Determining risk and predictors of head and neck cancer treatment-related lymphedema: A clinicopathologic and dosimetric data mining approach using interpretable machine learning and ensemble feature selection

Clin Transl Radiat Oncol. 2024 Feb 28:46:100747. doi: 10.1016/j.ctro.2024.100747. eCollection 2024 May.

Abstract

Background and purpose: The ability to determine the risk and predictors of lymphedema is vital in improving the quality of life for head and neck (HN) cancer patients. However, selecting robust features is challenging due to the multicollinearity and high dimensionality of radiotherapy (RT) data. This study aims to overcome these challenges using an ensemble feature selection technique with machine learning (ML).

Materials and methods: Thirty organs-at-risk, including bilateral cervical lymph node levels, were contoured, and dose-volume data were extracted from 76 HN treatment plans. Clinicopathologic data was collected. Ensemble feature selection was used to reduce the number of features. Using the reduced features as input to ML and competing risk models, internal and external lymphedema prediction capability was evaluated with the ML models, and time to lymphedema event and risk stratification were estimated using the risk models.
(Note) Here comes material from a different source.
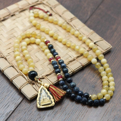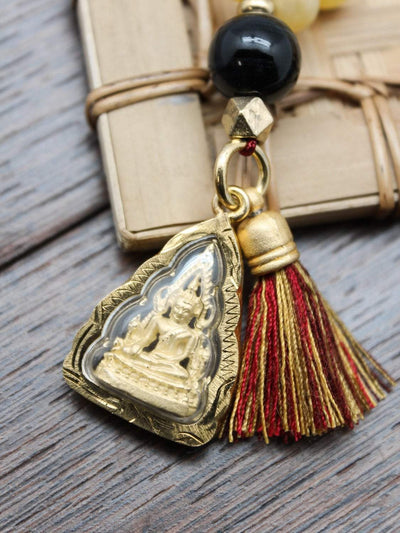 El principal punto focal del mala es el amuleto dorado de Buda. Está fabricado por monjes en Bangkok y envuelto en latón chapado en oro con una cubierta de plástico para protección. El Buda sentado o meditando aporta paz, calma y serenidad. Los amuletos tailandeses no deben sumergirse en agua; quítelos antes de bañarse o nadar.
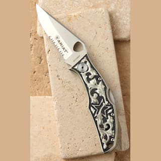 Ariat Integrated Hybrid Blade Silver & Black Engraved Handle Folding Knife

Results: Two ML models, XGBoost and random forest, exhibited robust prediction performance. They achieved average F1-scores and AUCs of 84 ± 3.3 % and 79 ± 11.9 % (external lymphedema), and 64 ± 12 % and 78 ± 7.9 % (internal lymphedema). Predictive ML and risk models identified common predictors, including bulky node involvement, high dose to various lymph node levels, and lymph nodes removed during surgery. At 180 days, removing 0-25, 26-50, and > 50 lymph nodes increased external lymphedema risk to 72.1 %, 95.6 %, and 57.7 % respectively (p = 0.01).

Conclusion: Our approach, involving the reduction of HN RT data dimensionality, resulted in effective ML models for HN lymphedema prediction. Predictive dosimetric features emerged from both predictive and competing risk models. Consistency with clinicopathologic features from other studies supports our methodology.

Keywords: Assessments, risk; Early onset lymphedema; Explainable AI; Head and neck cancer; Interpretable AI; Lymphedema; Machine learning; Oropharyngeal cancer; Radiation dose response relationship.